The three exchanged surprised glances, but it was Ren who creeped out onto the landing and peered down into the great golden vault. He saw no sign of Cadorna or the soldiers of the Black Watch, but from the top of the stairway, he could see a crescent-shaped pool, a full-sized version of the model they had seen in the gnoll temple. It glistened with an unnatural intensity, as if it created its own light source. “The pool!” whispered Ren. “ ‘Tower to the pool.’ That’s it! The blood from the temples is channeled into that pool!”

Beside the pool, partially hidden from view by the landing, stood a great bronze dragon, identifiable by its metallic color as one of the good dragons of the Realms.

“Please come down,” the dragon repeated. Again the voice, which echoed through the golden chamber, seemed friendly and had a genuine warmth to it.

Ren had seen three dragons close up before. Each had seemed bigger than the one before, but this one was easily half again the size of any of them. Electricity crackled along the beast’s gums and teeth each time it exhaled, and its tail switched behind it nervously.

“A bronze dragon,” whispered Ren to Shal and Tarl, behind him. To the dragon, he said, “We seek the Lord of the Ruins.”

“Dead,” breathed the dragon, puffing a wisp of smoke into the air. “A puny man, but with tremendous magical powers of possession. As evil as anything I’ve seen in millennia.”

“Do you live here?” Ren questioned. He had never heard of a bronze dragon choosing a subterranean lair.

“Yes, honorable Ren o’ the Blade. This has been my lair for several of your lifetimes. Greetings to you and your companions, Shal Bal and Tarl Desanea.”

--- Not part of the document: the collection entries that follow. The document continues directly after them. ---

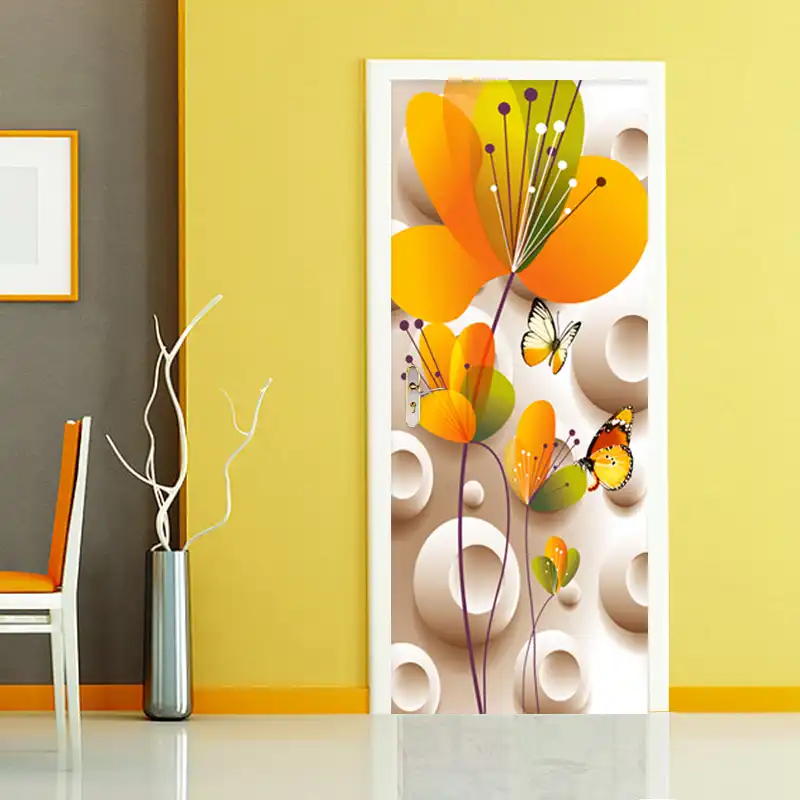3d Stereo Flower Butterfly Wall Door Sticker Modern Creative Art Living Room Kids Bedroom Home Design Door Decals Vinyl 3d Mural Door Stickers Aliexpress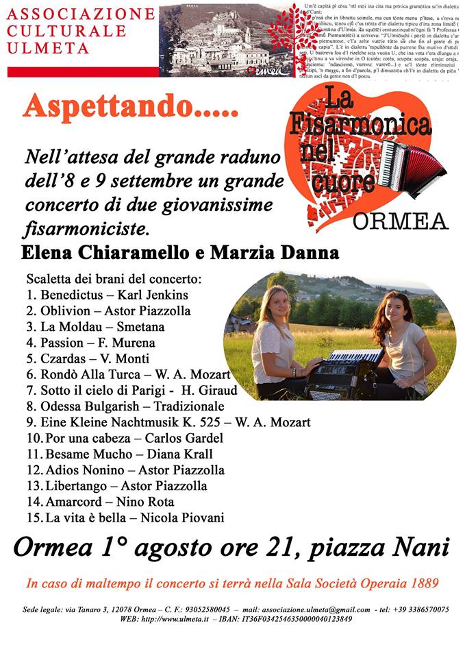 Elena Chiaramello e Marzia Danna sono due fisarmoniciste della provincia di Cuneo, allieve dell’insegnante Davide Borra presso le scuole di musica “Fondazione Fossano Musica” e “Scuola comunale di Mondovì”. Fin da piccole si sono avvicinate alla musica. Marzia Danna, da più di 5 anni pianista e organista, ha deciso lo scorso anno di intraprendere lo studio della fisarmonica, riscuotendo ottimi risultati. Elena Chiaramello, da 5 anni fisarmonicista, ha affiancato invece da 2 anni lo studio del pianoforte. Vincitrice di numerosi Concorsi Internazionali di fisarmonica ed ora impegnata in attività concertistica. Le due giovanissime, nella loro breve ma attiva carriera, hanno tenuto numerosi concerti durante il Monferrato Classic Festival, sono state protagoniste di un concerto in collaborazione con il rinomato fisarmonicista Pietro Roffi presso il Teatro di Città della Pieve in Umbria e numerosi concerti serali nelle chiese della provincia.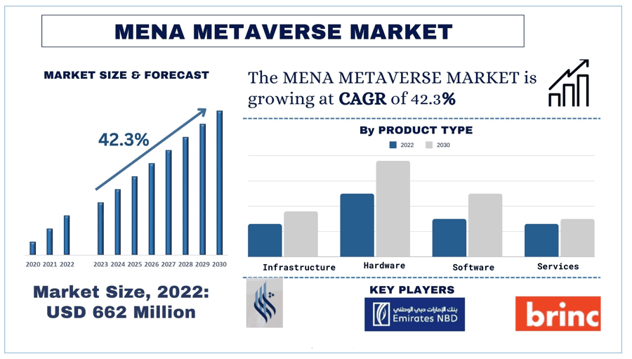 According to the UnivDatos analysis, the young demographics, urbanization, and government initiatives will drive the global scenario of the MENA Metaverse Market and as per their “MENA Metaverse Market” report, the market was valued at USD million in 2022, growing at a CAGR of 42.3% during the forecast period from 2023 - 2030 to reach USD billion by 2030.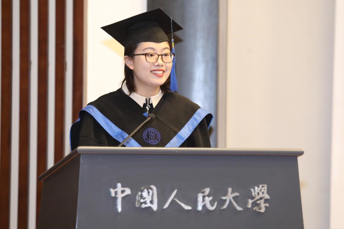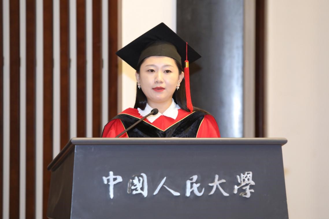 带给学生的历练与成长。在硕士毕业之际,她表示励志做一个“非关因果而修善,不计功名始读书”的教育人。最后,她祝愿同学们能够实现自己的毕生志业,临渊而不失飞天之心,一生平和而善良!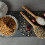 Mortal & pestle mein roasted zeera aur sabut dhania dal ker coarsely crush ker lein.
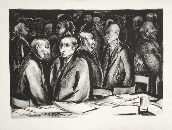 City Council Meeting (Chicago Municipal Government, Regime of Mayor Richard Joseph Daley) by Rudolph Pen | Original Lithograph | c. 1960 - 1970 | Bearing the estate stamp -- “Estate of Rudolph Pen: Original Print” -- on the verso. |

All three were startled that the dragon knew their names. Tyranthraxus, the evil possessor of the dragon’s mind, recognized their concern and immediately spoke to assuage their fears. “Now, now, there’s nothing to fear. You see, your reputation precedes you, and I must say that the length and breadth of Phlan is safer for your presence. In fact, it is your weakening of the power of the Lord of the Ruins that has allowed me to finally free myself of his control. For years, he held me captive here by means of mind control and a form of possession the likes of which I hope died with him. But his rotting body remains here in my lair. I would be indebted to you if you would remove it.”